Perbedaan Tayangan Senin dan Selasa
Oh ya di dua hari yang berbeda ini (Senin dan Selasa), kami akan menyajikan tayangan kuas yang berbeda juga lho. Setiap Senin kami akan menyajikan KUAS AJAIB REGULER. Pada Tayangan ini, pemirsa akan kami ajak jalan-jalan untuk menggambar suatu objek. Jadi bisa ke kebun binatang, ke pasar, ke sekolah, ke taman, pokoknya kemana saja. Penonton juga diajak mengambar sesuai kreasinya sendiri. Kuas Ajaib hanya mencoba mengenalkan objek melalui ciri-ciri khususnya, sedikit tips menggambar mudah, serta memberi inspirasi untuk melengkapi gambarnya.
Di hari Selasa, kami akan menampilkan KUAS AJAIB KREASI. Tayangan ini hampir sama dengan tayangan-tayangan kuas sebelumnya, yaitu Jadi selain menggambar objek, Pemirsa akan diajarkan membuat sesuatu prakarya sederhana yang bisa dibuat oleh siapa saja.
Host Kuas Ajaib
Walau sudah tak kuat berlama-lama berdiri, DRS. Suyadi alias Pak Raden masih mau menemani pemirsa Kuas Ajaib. Beliau siap untuk terus berkarya demi anak Indobnesia. Walau sedikit sukar diikuti, namun gambar-gambar beliau sangat bagus dan natural. Maklum Kakek yang satu ini adalah seorang ilustrator dibuku-buku pelajaran tempo dulu, juga pernah menjadi dosen senirupa ITB.

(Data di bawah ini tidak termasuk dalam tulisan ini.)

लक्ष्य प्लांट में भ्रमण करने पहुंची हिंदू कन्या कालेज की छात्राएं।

Pak Raden tidak sendirian lho. Beliau tetap akan ditemani Paman Andi dengan jurus Maung Ompong nya. Paman Andi akan terus mengajarkan kepada penonton bagaimana berkreasi dalam menggambar. Dari angka, dari huruf, dari bentuk, bisa beliau kreasikan menjadi lukisan yang bagus. ditambah pewarnaan yang ceria khas anak-anak.

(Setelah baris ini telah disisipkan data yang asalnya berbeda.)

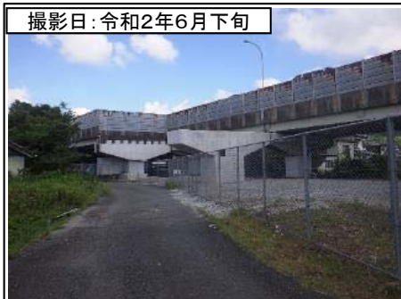
撮影日: 令和2年6月下旬

Oh ya, seorang pendatang baru yang tak kalah akan muncul tak lama lagi. Ia disebut Paman ‘E’. Beliau banyak membuat buku-buku cara menggambar yang mudah lho. bahkan dari segala coretan, bisa dilanjutkan beliau menjadi gambar yang menarik. Nantikan aksinya ya di akhir April nanti.